Identification and Pattern Analysis of SNPs Involved in Colorectal CancerPraneti Patidar1 and Jyoti Bhojwani1,2*
- *Corresponding Author:
- Dr. Jyoti Bhojwani
School of Computer Science and Information Technology
School of Life Sciences, DAVV/Indore University, Indore-452001, India
E-mail: [email protected]
Received date: July 18, 2013; Accepted date: August 16, 2013; Published date: August 19, 2013
Citation: Patidar P, Bhojwani J (2013) Identification and Pattern Analysis of SNPs Involved in Colorectal Cancer. J Stem Cell Res Ther 3:144. doi:10.4172/2157-7633.1000144
Copyright: © 2013 Patidar P, et al. This is an open-access article distributed under the terms of the Creative Commons Attribution License, which permits unrestricted use, distribution, and reproduction in any medium, provided the original author and source are credited.
Colorectal cancer (CRC) is the second leading cause of cancer-related deaths globally posing a lifetime risk of 80-100% in every individual. Genetics and relevant mechanisms underlying some key signaling pathways like Wnt, TGF, p53, K-ras etc. play a detrimental role in governing the predisposition for CRC. A high percentage of colorectal tumors (adenomas and carcinomas) show activating mutations in beta-catenin or axin, whereas, loss of certain tumor suppressor genes (TSGs), like APC cause the initiation of random polyps in the colon. All of these molecules incidentally are critical components of an evolutionarily conserved Wnt signaling pathway, which is instrumental at various time-points in the development of this disease. Differences in SNP profiles amongst sample groups in the genomic landscape can be recognized through a smart and efficient use of machine learning techniques. The statistics and pattern analyses of these SNP profiles, interestingly provides us with a concrete and logical platform upon which, relative contribution/s of each unique SNP, ranging “from cause to effect” can be significantly assessed. The biological relevance of these SNP variations with respect to cancer prediction and predisposition, however, remains to be resolved, pending a better understanding of the impact of rational control design in SNP studies. Our results emerging from the analyses of significant SNPs reported here, demonstrates the utility of relevant bioinformatics tools and machine learning techniques in discriminating diseased populations based on realistic SNP data. In this study, we have primarily targeted critical members of Wnt signaling pathway, which play important developmental role/s during different stages of colorectal cancer, depicting a classical “multigene-multistep nature” of cancer.

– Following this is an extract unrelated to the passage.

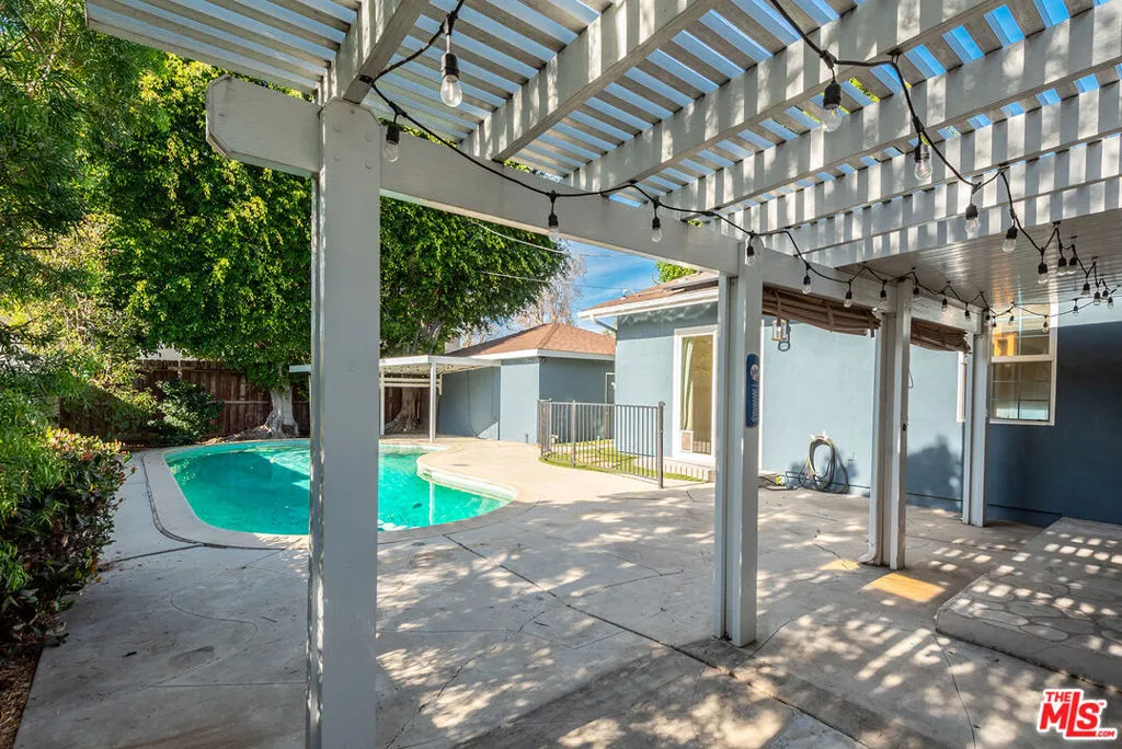 This charming pool home is located in a COVETED Sherman Oaks neighborhood known as Valleyheart Glen – A community known for its welcoming small-town feel, where you’ll still find kids hosting lemonade stands on the corners. Situated on a quiet, tree-lined side street, this 3-bedroom, 3-bath residence blends classic mid-century character with modern upgrades for an ideal Southern California lifestyle. The inviting interior features a living room with hardwood floors, original front windows, and a classic brick fireplace; which is complemented by a formal dining room perfect for entertaining. A welcoming front porch sets the tone for this warm and timeless home. The eat-in kitchen is equipped with stainless steel appliances and a walk-in pantry, ideal for both everyday living and hosting guests. The generous primary suite addition boasts high ceilings, a walk-in closet, and sliding doors that open directly to a private backyard with swimming pool. A detached two-car garage with alley access, offers possible ADU potential. Notable upgrades include a newer HVAC system, upgraded electrical panel, some newer double-pane windows, tankless water heater, and leased solar panels; delivering comfort, efficiency, and significant annual energy savings. Situated within the Dixie Canyon Elementary School and Louis Armstrong middle school districts, and just minutes from Ventura Boulevard, shopping, dining, and local amenities, this home offers the perfect balance of privacy, convenience, and classic Sherman Oaks charm.

We have identified and related common genetic variants for the “early-acting” and “late-acting” members of this pathway, that are most prevalent in patients with CRC disease, by harnessing the power of developmental biology tools. In addition, complex relationships and correlations hidden in large data-sets have been dug and analyzed here, by deploying various datamining (bioinformatics) techniques. The report discusses the scope of such a combinatorial approach, by identifying some potential candidate targets of therapy, in translational research and clinical medicine interventions.